Fundamentals I: Economy

Chris Wright

2024/09/14

“Read my lips: no new taxes”
– George H. W. Bush.

Despite making this promise, Bush later reversed course on the statement and raised taxes. This decision by George H.W. Bush at the 1988 Republican National Convention is often cited as one of the reasons why he lost reelection in 1992. Other one-term presidents like Herbert Hoover and Jimmy Carter have seen their reelection chances dwindle based on their economic policy and the overall economic performance in the United States. This week, I will further examine the connection between economic performance and an incumbent’s reelection chance. To achieve this, I will complete extension 1 by creating several predictive models based on key economic indicators.

Gross Domestic Product (GDP)

The first economic indicator that I will examine is GDP. GDP stands for Gross Domestic Product and is the most common measurement for determining an economy’s health. GDP takes into account the market value of all goods and services produced in a country. For this model and the rest of the models, data from the second quarter of the year leading into the incumbent’s reelection will be used. Using data leading into an election instead of throughout the complete time in office aligns with the findings of Christopher Achen and Larry Bartels in Democracy for Realists. In their predictive models using economic indicators, they found that short-term changes in the quarters leading into the election were more predictive then long-term changes.

In the scatter plot below, the second quarter GDP growth is plotted against the incumbent party’s popular vote share. Additonally, the scatterplot is fitted with a line from the regression relationship between the two. Looking at the plot, a moderate positive correlation is evident outside of the 2020 election which appears to be an outlier. The correlation coefficent is .43 with 2020 included and .57 without.

Using the linear regression, which includes the 2020 election, to create a model, we can predict the incumbent vote share for the upcoming 2024 election using the GDP growth in the second quarter of this year. The model predicts that the Democratic party will capture 52.1% of the popular vote. The confidence interval gives a lower bound of 41.6% and an upper bound of 62.5%.

Unemployment

Another key economic indicator is the unemployment rate. Compared to the GDP, it can be argued that the unemployment rate is a better predictor of voter intention because voters are confronted by it daily. Whether a person or the people around them have a job is easier to see then the flucation is GDP. Additionally Barry Burden and Amber Wichowsky analyzed county level data and established that there is a connection between unemployment rates and voter turnout.

In the scatterplot below, it is hard to identify a correlation but the 2020 election is once again an outlier. The correlation coefficent is -0.13 with 2020 included and turns slighly positive without.

The unemployment model predicts that the Democratic party will capture 52.4% of the popular vote. The confidence interval gives a lower bound of 40.7% and an upper bound of 64.1%.

Current Events (Inflation and Stock Market Performance)

For the third and final model, I picked two economc indicators that have been at the forefront of the presdential news cycle. Inflation has been at the top of voter’s minds since it peaked at around 9% during the pandemic.

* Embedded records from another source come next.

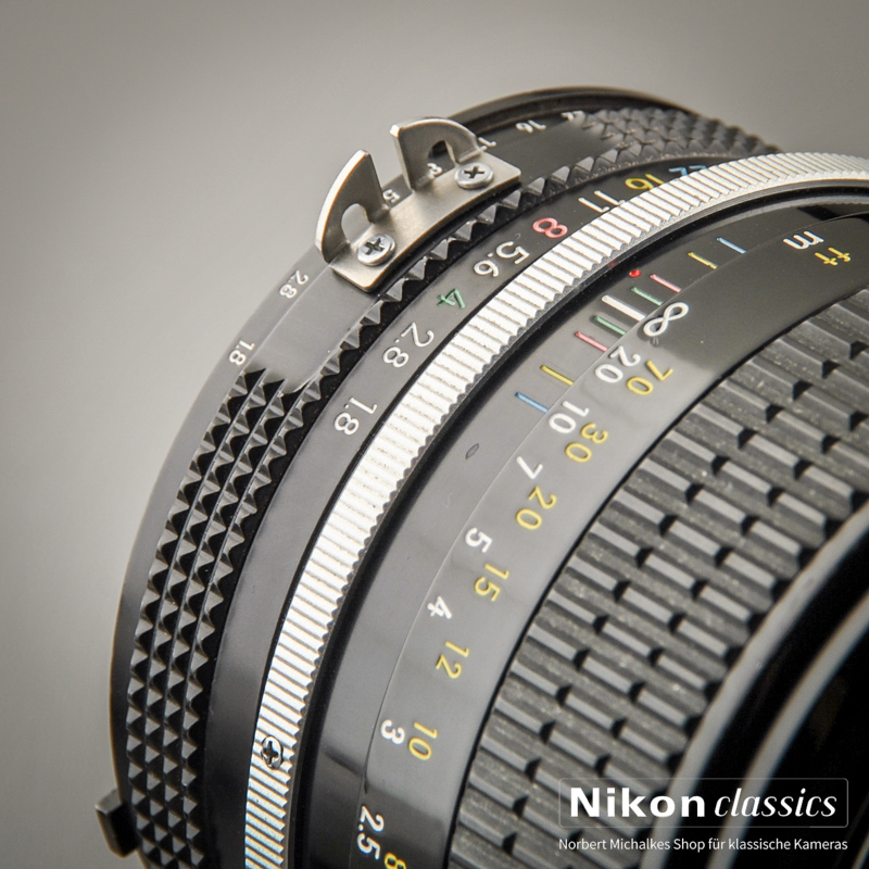 Mit Nikon Originalteilen auf AI konvertiert. Passt mit vollem Funktionsumfang an alle je gebauten Nikon-Spiegelreflexkameras für Kleinbildfilm, auch an die AF-Kameras (natürlich dann mit manuellen Fokus).
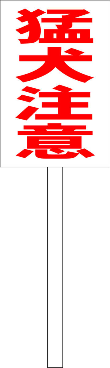 > シンプル立札看板 「猛犬注意(赤)」その他 屋外可(面板 約H45.5cmxW30cm)全長1m
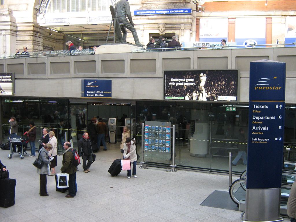 Eurostar Departures concourse (public area), looking the Travel Centre. The area marked in yellow further left is dedicated to Business Premier Ticketholders and Carte Blanche Members of Eurostar Frequent Traveller program. London-Waterloo International. 11th November 2007.
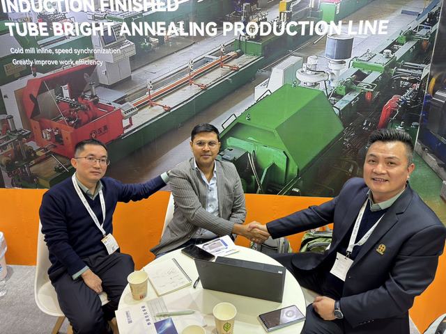 漢高科技亮相展會,與全球各地的不銹鋼制管企業進行技術交流。
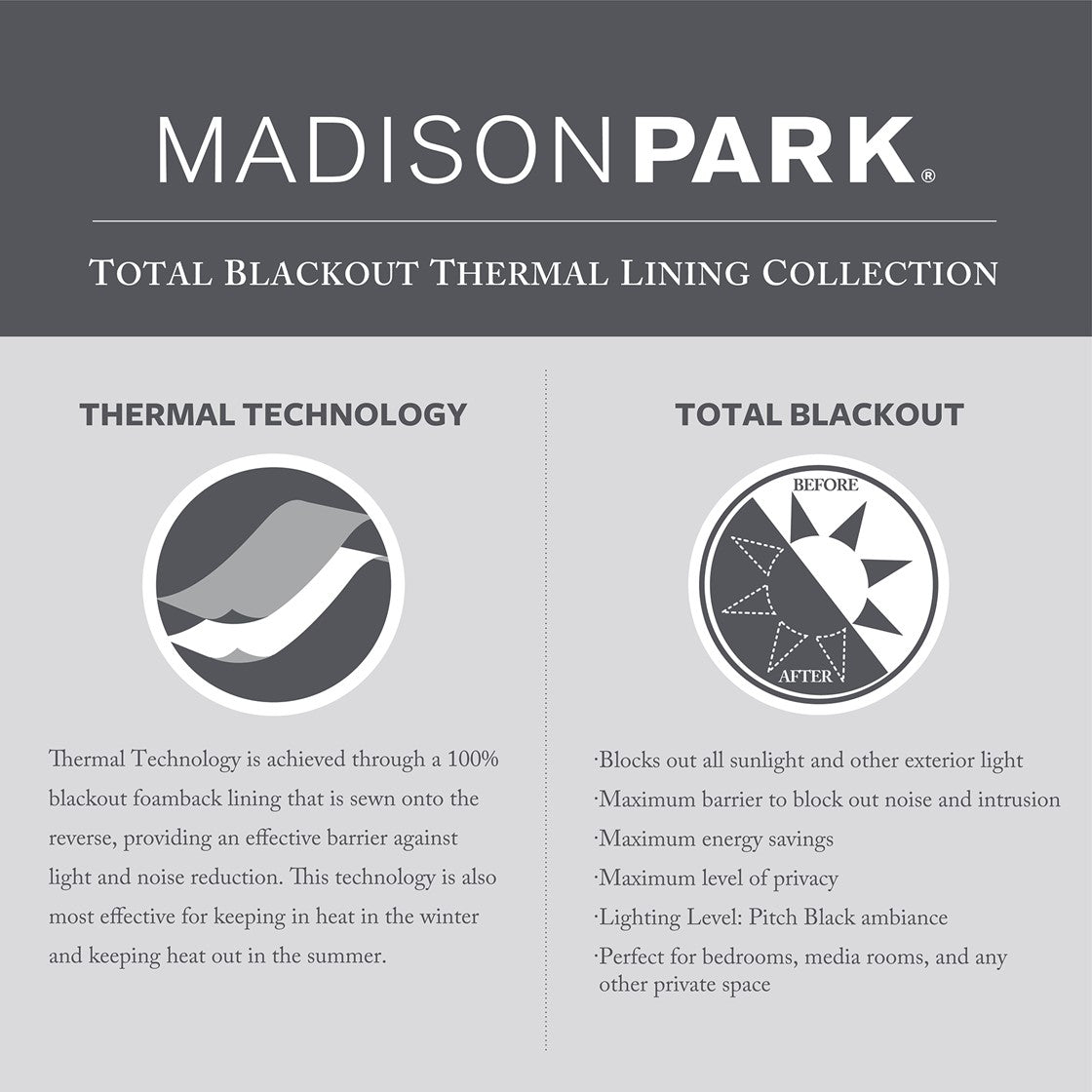 - 100% total blackout provides maximum barrier to block out all exterior light and noise intrusion

In a May survey, Gallup reported that 41% of Americans view inflation as the top financial issue. Before the pandemic, 10% was the highest share that inflation received.

Additionally, the stock market has been central in the news cycles due to the impending fear of a recession. Several key recession indicators like the Sahm Rule have recently been triggered, which have caused some to consider shifting their investments to safer options.

For this model I used CPI to represent inflation and S&P 500 “movement” to stand in for the stock market. S&P 500 movement is simply the difference between the market high and market low. This fluctation is used to capture investor’s panic and market volatility.

The scatter plots above show the relationship between the two economic indicators and incumbent vote share. Both plots show a negative correlation with vote share. The 2020 election is removed from the S&P 500 movement plot to better show the negative correlation. When using multiple variables to create a model multicollinearity, redundant independent variables, can be a problem. However CPI and S&P500 movement have a correlation coefficient of .73.

Using the current events model, the Democratic party is predicted to capture 48.1% of the popular vote. The interval on the prediction is 34.9% to 61.3%.

Comparing Models and Conclusion

To evaluate the three models, I used both in-sample and out-of-sample methods. This includes R^2, Mean Squared Error (MSE), and cross-validation

MeasureModel 1: GDPModel 2: UnemploymentModel 3: Current Events
R^20.1403326-0.03900502-0.02978737
MSE20.9070825.2685623.57119
Cross-Validation Error2.25762.102682.398593

From a quick glance, it is easy to see that the models are not the best. The GDP model has a low R^2 and the other two are negative. This means that the models do a poor job at explaining the variance in the data. Furthermore it is unclear which model is best when looking at the MSE and Cross validation. The unemployment model has the worst MSE (widest dispersion of errors), yet has the best cross-validation error.

To conclude, the models I have created tell us that economic data is not enough on its own to predict popular vote share. However, the models demonstrate that economic data does not tell one conclusive story as the popular vote share was sensitive to the changes. The difference between the 52% predicted by the first two models and 48% predicted by the last model is enough to change the electoral college outcome.